Another way that a property owner may be liable for a San Diego slip and fall accident is on the basis that a person slipped on a surface, such as cement, that was insufficiently textured. For the purpose of discussing liability in a slip and fall accidents, there are really two major categories of accidents. There are those falls that result from a dangerous condition that existed for a long period of time, and there are falls that resulted from a dangerous condition that arose shortly before the accident. For conditions that arose long before the fall, it is easier to prove that the property owner knew about the dangerous condition. To use our example above, it is relatively easy to prove that a property owner knew what kind of cement surface was installed in its parking lot advised a injury lawyer San Diego.

However, it is more difficult to prove that a property owner knew that a customer had spilled a liquid on the floor of their business. If an employee of the store is the person who spilled a liquid on the floor, then that situation is more akin to a long-standing condition, because the knowledge of an employee is imputed to the company. Since companies are not people, capable of having knowledge, the knowledge of the company for legal purposes is to include the sum of the knowledge of the employees of the company. If you feel you have a case like this, contact us to speak with a personal injury lawyer on our San Diego law team.
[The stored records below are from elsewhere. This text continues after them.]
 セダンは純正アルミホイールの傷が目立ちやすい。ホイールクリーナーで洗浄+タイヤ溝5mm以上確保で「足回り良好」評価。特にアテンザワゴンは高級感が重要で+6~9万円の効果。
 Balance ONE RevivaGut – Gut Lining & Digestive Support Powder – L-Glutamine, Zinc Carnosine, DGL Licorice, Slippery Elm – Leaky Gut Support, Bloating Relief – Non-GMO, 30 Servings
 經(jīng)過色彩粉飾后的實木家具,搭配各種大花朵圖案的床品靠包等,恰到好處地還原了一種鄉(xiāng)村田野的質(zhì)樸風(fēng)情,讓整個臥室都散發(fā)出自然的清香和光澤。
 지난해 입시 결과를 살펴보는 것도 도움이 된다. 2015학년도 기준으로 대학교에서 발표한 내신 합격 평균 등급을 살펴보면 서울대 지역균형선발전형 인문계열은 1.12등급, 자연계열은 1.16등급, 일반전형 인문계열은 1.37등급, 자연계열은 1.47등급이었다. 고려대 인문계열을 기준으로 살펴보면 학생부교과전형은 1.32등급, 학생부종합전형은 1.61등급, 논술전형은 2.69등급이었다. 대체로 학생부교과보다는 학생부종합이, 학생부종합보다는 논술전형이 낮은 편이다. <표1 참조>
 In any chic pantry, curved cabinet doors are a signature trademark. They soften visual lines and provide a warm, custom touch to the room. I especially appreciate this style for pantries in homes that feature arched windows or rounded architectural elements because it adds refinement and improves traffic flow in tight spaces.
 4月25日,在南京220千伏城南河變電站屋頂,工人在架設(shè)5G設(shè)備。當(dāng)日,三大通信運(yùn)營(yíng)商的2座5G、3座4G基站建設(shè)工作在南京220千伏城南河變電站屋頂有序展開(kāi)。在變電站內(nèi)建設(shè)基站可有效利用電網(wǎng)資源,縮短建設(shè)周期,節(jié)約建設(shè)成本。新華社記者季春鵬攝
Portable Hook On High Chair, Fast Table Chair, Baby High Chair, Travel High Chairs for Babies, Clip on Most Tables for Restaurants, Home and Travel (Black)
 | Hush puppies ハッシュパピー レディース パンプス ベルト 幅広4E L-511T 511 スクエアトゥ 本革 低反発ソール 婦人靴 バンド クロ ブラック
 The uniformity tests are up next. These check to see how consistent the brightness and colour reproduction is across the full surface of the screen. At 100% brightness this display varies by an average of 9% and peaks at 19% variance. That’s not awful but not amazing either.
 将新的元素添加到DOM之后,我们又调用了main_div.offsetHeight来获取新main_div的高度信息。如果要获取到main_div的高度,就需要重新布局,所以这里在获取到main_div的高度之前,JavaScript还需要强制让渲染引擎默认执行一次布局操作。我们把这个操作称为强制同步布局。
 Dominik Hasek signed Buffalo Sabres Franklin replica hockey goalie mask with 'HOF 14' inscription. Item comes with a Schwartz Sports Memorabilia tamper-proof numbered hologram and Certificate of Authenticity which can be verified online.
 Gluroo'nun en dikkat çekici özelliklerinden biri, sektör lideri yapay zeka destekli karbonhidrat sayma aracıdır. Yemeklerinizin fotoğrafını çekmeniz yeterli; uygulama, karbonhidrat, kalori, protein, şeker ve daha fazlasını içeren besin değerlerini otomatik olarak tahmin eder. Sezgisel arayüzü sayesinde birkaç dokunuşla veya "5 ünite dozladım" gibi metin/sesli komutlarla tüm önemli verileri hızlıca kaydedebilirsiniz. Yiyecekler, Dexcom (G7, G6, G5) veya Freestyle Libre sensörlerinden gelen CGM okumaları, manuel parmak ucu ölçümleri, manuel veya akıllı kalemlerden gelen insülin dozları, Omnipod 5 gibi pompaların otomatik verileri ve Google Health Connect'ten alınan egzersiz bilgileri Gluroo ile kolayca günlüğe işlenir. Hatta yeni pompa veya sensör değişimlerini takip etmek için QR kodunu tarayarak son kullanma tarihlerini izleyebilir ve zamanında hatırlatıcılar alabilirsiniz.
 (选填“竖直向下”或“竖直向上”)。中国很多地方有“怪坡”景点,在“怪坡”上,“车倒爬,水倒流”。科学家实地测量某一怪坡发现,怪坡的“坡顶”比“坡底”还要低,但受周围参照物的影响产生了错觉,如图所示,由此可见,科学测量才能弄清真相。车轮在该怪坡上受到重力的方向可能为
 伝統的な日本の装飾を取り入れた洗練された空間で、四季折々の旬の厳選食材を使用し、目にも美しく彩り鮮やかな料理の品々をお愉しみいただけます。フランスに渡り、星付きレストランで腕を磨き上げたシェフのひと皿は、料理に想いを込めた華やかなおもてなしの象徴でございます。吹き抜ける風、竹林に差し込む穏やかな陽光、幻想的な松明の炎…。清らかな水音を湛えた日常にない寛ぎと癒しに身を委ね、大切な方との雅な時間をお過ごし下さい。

Consult with a San Diego Slip and Fall Injury Attorney Now

Going back to a slip and fall accident in which a customer, as opposed to an employee, spilled the liquid on the floor, there are ways to prove that the property owner knew of the dangerous condition. For example, if the liquid had been on the floor for some time, this could create an inference that the property owner was aware of the dangerous condition. If another customer had complained about the presence of the liquid before the slip and fall, that would also create an inference that the company knew about the dangerous condition. Another way to prove that the company was aware of liquid on the floor would be to show that the company had a policy of having its employees check for possible spills on a set schedule.

As mentioned above, there are also dangerous conditions that can exist for a long period of time. For example, if a city fails to repair a sidewalk that is hazardous, and fails to do so for a long period of time, that might create an inference that the city knew that the sidewalk was in a hazardous condition. It is comparatively rare that a hazardous condition on a sidewalk would come into existence overnight.

Another type of dangerous condition that might create an inference of knowledge on the part of a property owner would be poor lighting conditions. It is one thing if a light bulb happens to go out and a person is injured on the same day that the bulb goes out. It is quite another thing if a light bulb has been out for months, or if a property owner fails to install adequate lighting in the first place. This may raise more questions than it answers because the question becomes: what is proper lighting? Luckily, the law provides a mechanism for the trier of fact (in most cases the jury) to resolve this type of question. The question is whether or not the property owner, or other person being sued, acted reasonably. That is, like many statements and summaries of the law, an oversimplification. To elaborate a bit further, the question is whether the party alleged to have caused the injury acted as an ordinary prudent person would have acted under the same circumstances. If the plaintiff can show that the defendant failed to take the same precautions that an ordinary prudent person would under the same circumstances, then the plaintiff has gone a long way toward establishing liability and being compensated for the harm suffered. For information on car accidents, contact our car accident lawyer San Diego.